RAW DATA |
• • • • •

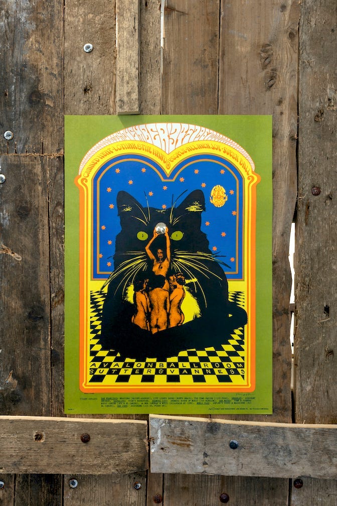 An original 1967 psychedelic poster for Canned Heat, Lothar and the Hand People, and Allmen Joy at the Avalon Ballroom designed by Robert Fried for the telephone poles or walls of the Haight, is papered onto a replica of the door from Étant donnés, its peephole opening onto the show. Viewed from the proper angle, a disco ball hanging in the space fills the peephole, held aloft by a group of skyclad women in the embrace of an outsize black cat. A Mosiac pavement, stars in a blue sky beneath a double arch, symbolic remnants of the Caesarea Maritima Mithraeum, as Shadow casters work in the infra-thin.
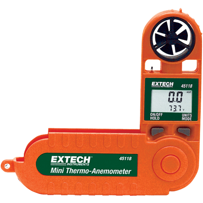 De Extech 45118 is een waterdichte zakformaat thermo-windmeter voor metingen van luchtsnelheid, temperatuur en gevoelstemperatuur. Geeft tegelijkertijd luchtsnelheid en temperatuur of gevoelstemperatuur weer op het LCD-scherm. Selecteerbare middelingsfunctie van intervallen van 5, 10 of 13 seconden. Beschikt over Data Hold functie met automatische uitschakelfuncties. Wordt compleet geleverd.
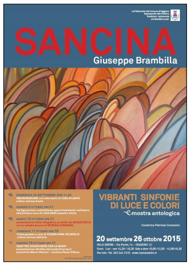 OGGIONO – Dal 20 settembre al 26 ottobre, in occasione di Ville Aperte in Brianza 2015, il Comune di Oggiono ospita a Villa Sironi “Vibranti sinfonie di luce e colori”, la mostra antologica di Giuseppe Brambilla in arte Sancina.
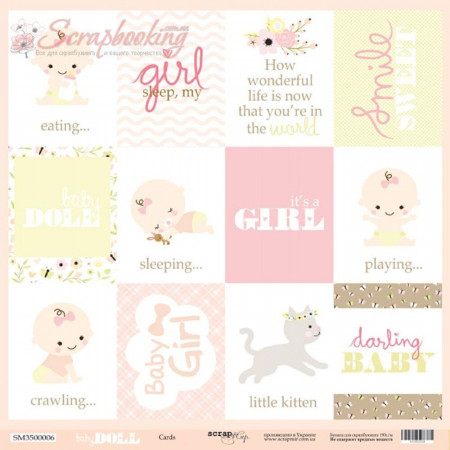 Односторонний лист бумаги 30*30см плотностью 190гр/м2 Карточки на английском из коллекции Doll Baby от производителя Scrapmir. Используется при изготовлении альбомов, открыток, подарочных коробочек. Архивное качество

• • • • •

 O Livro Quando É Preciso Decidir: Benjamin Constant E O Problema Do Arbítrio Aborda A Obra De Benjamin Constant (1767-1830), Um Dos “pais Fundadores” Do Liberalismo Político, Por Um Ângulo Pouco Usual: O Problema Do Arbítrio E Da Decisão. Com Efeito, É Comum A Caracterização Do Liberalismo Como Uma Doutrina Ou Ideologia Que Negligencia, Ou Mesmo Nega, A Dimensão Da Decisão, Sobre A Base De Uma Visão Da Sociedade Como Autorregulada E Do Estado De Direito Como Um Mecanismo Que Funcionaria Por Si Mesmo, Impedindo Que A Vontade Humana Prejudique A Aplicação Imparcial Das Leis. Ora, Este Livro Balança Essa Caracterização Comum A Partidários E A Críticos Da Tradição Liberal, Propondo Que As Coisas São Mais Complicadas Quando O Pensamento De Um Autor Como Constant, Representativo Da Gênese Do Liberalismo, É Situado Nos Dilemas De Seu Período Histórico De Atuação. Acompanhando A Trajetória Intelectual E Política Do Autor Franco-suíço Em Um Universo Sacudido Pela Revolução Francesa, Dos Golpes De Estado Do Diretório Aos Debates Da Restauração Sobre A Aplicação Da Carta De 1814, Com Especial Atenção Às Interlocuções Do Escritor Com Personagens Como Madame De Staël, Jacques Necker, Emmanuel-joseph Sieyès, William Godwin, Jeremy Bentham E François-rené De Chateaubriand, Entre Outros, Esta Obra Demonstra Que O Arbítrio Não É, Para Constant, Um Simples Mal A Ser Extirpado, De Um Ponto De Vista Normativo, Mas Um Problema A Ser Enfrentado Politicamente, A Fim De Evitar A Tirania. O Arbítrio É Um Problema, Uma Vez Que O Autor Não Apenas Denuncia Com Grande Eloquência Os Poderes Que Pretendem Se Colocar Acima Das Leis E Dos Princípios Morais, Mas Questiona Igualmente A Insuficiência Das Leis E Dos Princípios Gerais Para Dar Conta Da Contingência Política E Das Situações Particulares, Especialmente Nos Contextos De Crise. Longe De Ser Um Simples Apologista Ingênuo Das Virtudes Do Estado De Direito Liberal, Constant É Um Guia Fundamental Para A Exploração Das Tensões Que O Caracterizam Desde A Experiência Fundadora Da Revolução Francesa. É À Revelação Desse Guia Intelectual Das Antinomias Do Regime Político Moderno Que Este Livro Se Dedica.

• • • • •

ASSIGNMENT |
A clean copy is needed of the lines in the listing above from the one with "De Extech 45118" through the one with "Односторонний лист бумаги", exact in every word and free of pictures.

RESULT OF THE EXERCISE |
 De Extech 45118 is een waterdichte zakformaat thermo-windmeter voor metingen van luchtsnelheid, temperatuur en gevoelstemperatuur. Geeft tegelijkertijd luchtsnelheid en temperatuur of gevoelstemperatuur weer op het LCD-scherm. Selecteerbare middelingsfunctie van intervallen van 5, 10 of 13 seconden. Beschikt over Data Hold functie met automatische uitschakelfuncties. Wordt compleet geleverd.
 OGGIONO – Dal 20 settembre al 26 ottobre, in occasione di Ville Aperte in Brianza 2015, il Comune di Oggiono ospita a Villa Sironi “Vibranti sinfonie di luce e colori”, la mostra antologica di Giuseppe Brambilla in arte Sancina.
 Односторонний лист бумаги 30*30см плотностью 190гр/м2 Карточки на английском из коллекции Doll Baby от производителя Scrapmir. Используется при изготовлении альбомов, открыток, подарочных коробочек. Архивное качество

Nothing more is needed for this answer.